Paliochora, known by its contemporaries as Agios Dimitrios, was a village of approximately eight-hundred on the island of Kythira in southern Greece. The village was the first major settlement on the island since antiquity, and was sacked by the Ottoman Fleet Admiral Hayreddin Barbarossa in 1537. The fall of the village was a significant turning point in Kythirian history, and remains one of the island’s preeminent folktales.

==Geography==
The remote location, rough terrain, harsh weather, and seemingly continuous attacks by pirates had left the island of Kythira without infrastructure or administration until modern times. Any coalescence of peoples anywhere on the island had quickly resulted in a pirate raid, which subsequently led the island’s inhabitants back to their dispersed grazing fields. Although evidence exists of a major settlement during antiquity at the village of Paleopoli, Agios Dimitrios was the only major exception to this lack of civilization. The village was located in the fork of two canyons where a strategic stronghold could be erected. Most importantly however, the ‘island’ stronghold between the two canyons was significantly lower than the surrounding cliffs. This hid the village from anyone who did not come directly to it.

==History==
The official founding of Agios Dimitrios is unknown. Accounts indicate some of its original founders were present at the time of the village’s destruction, placing its foundation sometime in the mid fifteenth century. Since the Kythirians kept the location of Agios Dimitrios secret and its strategic location ensured a strong defense against any pirates, the island quickly grew economically and in population. By the 1530s, the population had reached 800 (more than any town on the island even today), fifteen churches, and twenty priests.

The growing wealth of the island did not remain a secret for long, and its success eventually attracted the Ottoman Fleet Admiral Hayreddin Barbarossa in 1537 as pressed his campaign against the Venetians around the Peloponnesus. Two accounts exist describing his discovery of the village: 1) Upon landing on Kythira, he captured a number of locals and executed them one by one until someone gave him the location of Agios Dimitrios. 2) Although the town was almost completely concealed to the rest of the island, the highest point of the village was visible from the sea a distance no closer than approximately 10 kilometers due east. The most popular theory is that Barbarossa intended on bypassing the island until he rounded Cape Malea (the southernmost tip of the Peloponnese), putting him in the ideal position to see the town through his scope.
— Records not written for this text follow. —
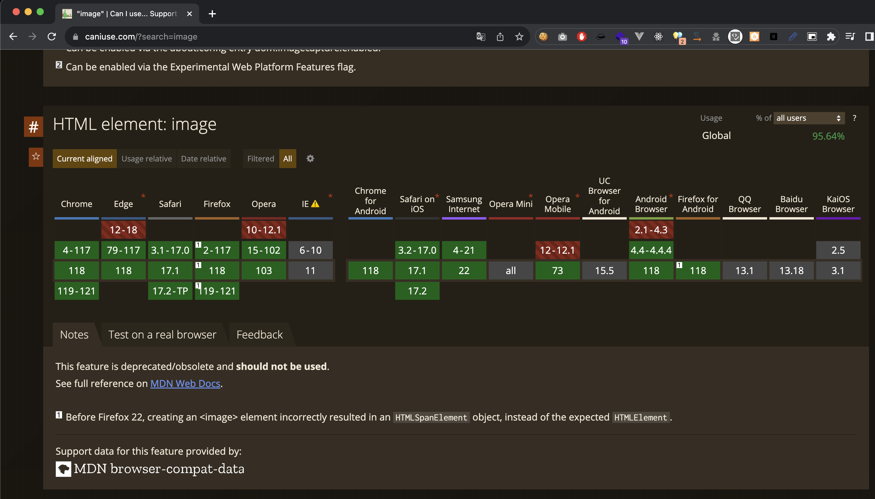 caniuse에서 확인 해보면 대다수의 브라우저가 아직까진 image 태그를 지원하고 있다.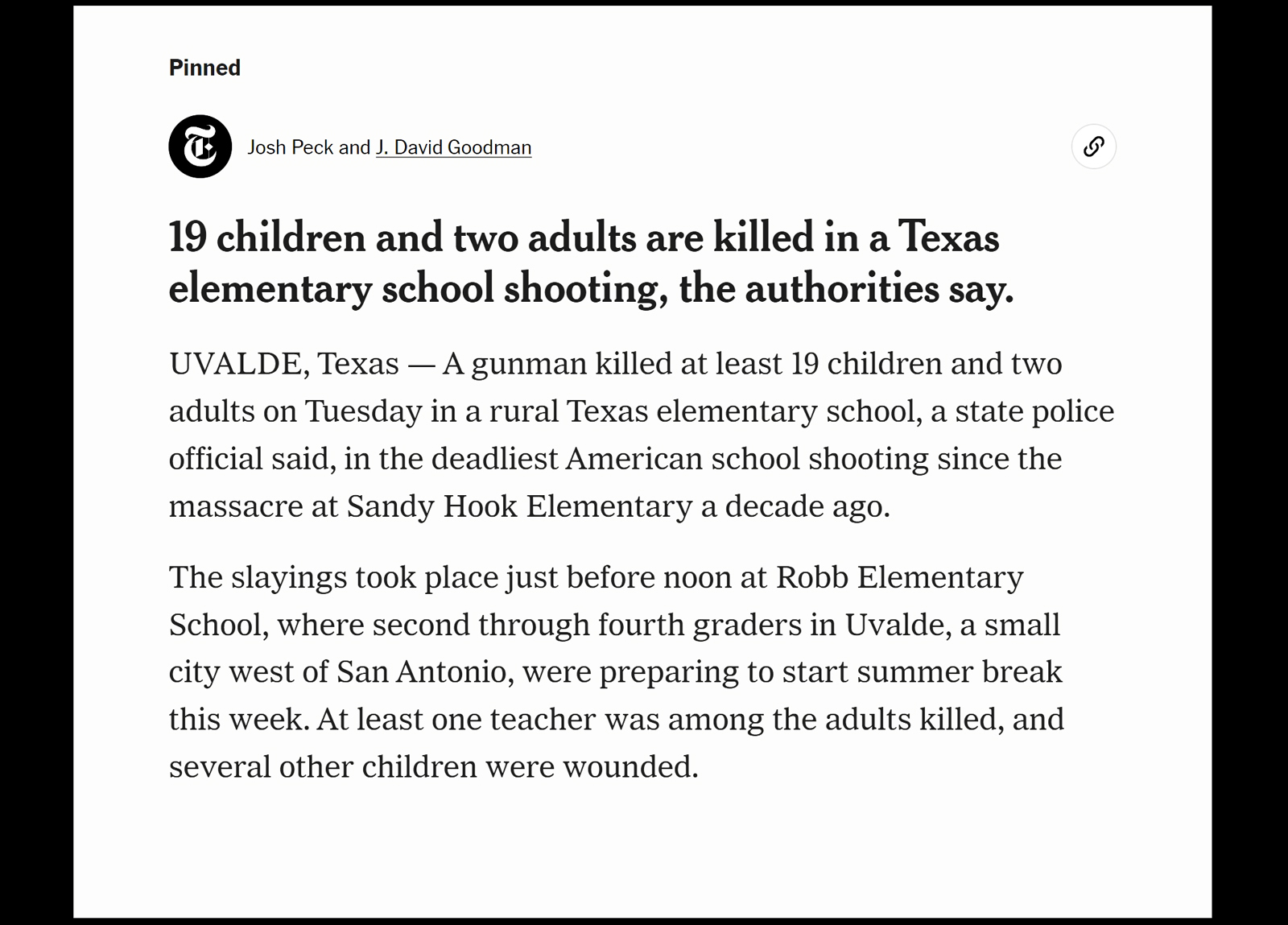 In America, mass murderers buy assault rifles legally and cheaply, and riddle you with bullets: inside the church, the grocery store, the movie theater, the bar— and the elementary school.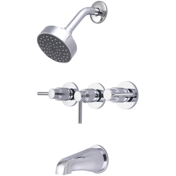 Central Brass 8968-M1 Brass Single Function Standard Showerhead Three Handle Tube & Shower Set in Chrome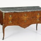 The commode stands on four cabriole legs mounted at the knee with scrolled acanthus leaves and shod with lion's feet of gilt bronze. The chest of two drawers is rounded at the front corners, and decorated with inlaid flutes and bronze garlands. The bottom part of the front panel shows lambrequin decoration. On the drawer panels, there are fields framed by stringing a large one in the middle and small ones on the two sides. The side fields show inlaid vases, while the middle one is decorated with musical instruments and scores, among leaved boughs. The drawers are equipped with two wreathed bronze pulls on the sides and a bronze keyhole shield of ribbon and leaf motifs, in the middle. Below the curved marble top, on the front right corner there is an inscription of 5-6 mm: JME (Jurés Maitres Ébenistes) P ROUSSEL.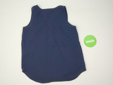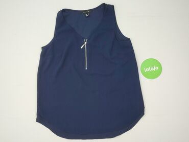 Bluzka damska marki Atmosphere w rozmiarze 40, wykonana w 100% z poliestru. Granatowa bluzka bez rękawów w białe, pionowe paski. Posiada kołnierzyk i dekolt w kształcie litery V, z zapięciem na jed...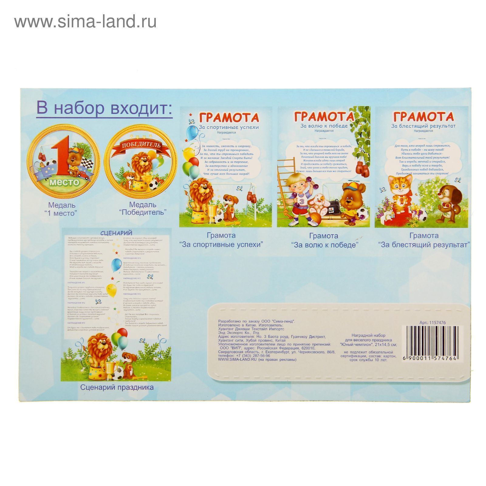 Дети обожают играть и соревноваться! Получить за победу медаль и диплом вдвойне приятно. Дома почётные награды повесят на самое видное место, чтобы все могли узнать о достижениях юного спортсмена. Наградной набор для веселого праздника "Юный чемпион" отлично дополнит проведение спортивного мероприятия.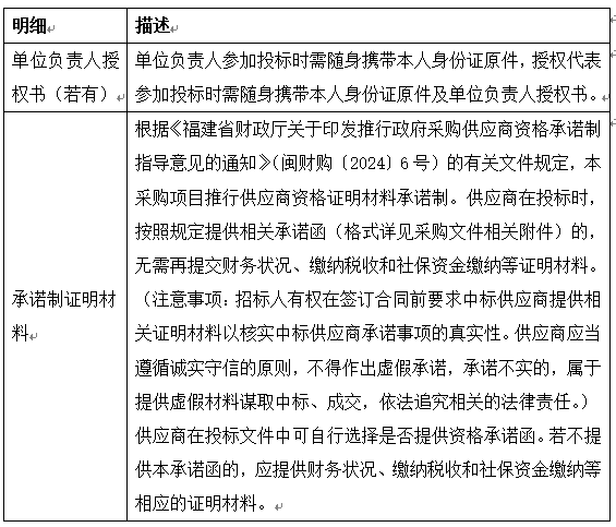 ※根據(jù)上述資格要求,供應(yīng)商響應(yīng)文件中應(yīng)提交的“資格證明文件”相關(guān)規(guī)定和資料要求,詳見競爭性磋商須知前附表和磋商文件第五章。

The inhabitants of the island crowded into Agios Dimitrios, however the defenses of the village were not designed against the cannons used by Barbarossa. The Ottomans bombarded the town from the higher surrounding cliffs, and were able to quickly push into the village. At this point the battle turned against the Ottomans, who suffered heavy losses in close-quarter combat with the locals; though they eventually brought the Greeks to submission. Only the men of the village remained to fight, while the women, children, and bishop took refuge in a nearby cave. Tales of Paliochora indicate the location of the cave was never given to Barbarossa, who left quickly after the village had been sacked.

The island remote location and subsequent lack of a substantial population or economy led major powers to neglect it in coming centuries. At the turn of the eighteenth century the island was claimed by France, followed by Russia, Britain, and finally Greece in 1864.

==Sources==
The remnants of Paliochora along with the folktales from the island of Kythira play into the history of Hayreddin Barbarossa. The history described from this article is primarily based on George Koksma's account provided by Anastasia Conomos Condas.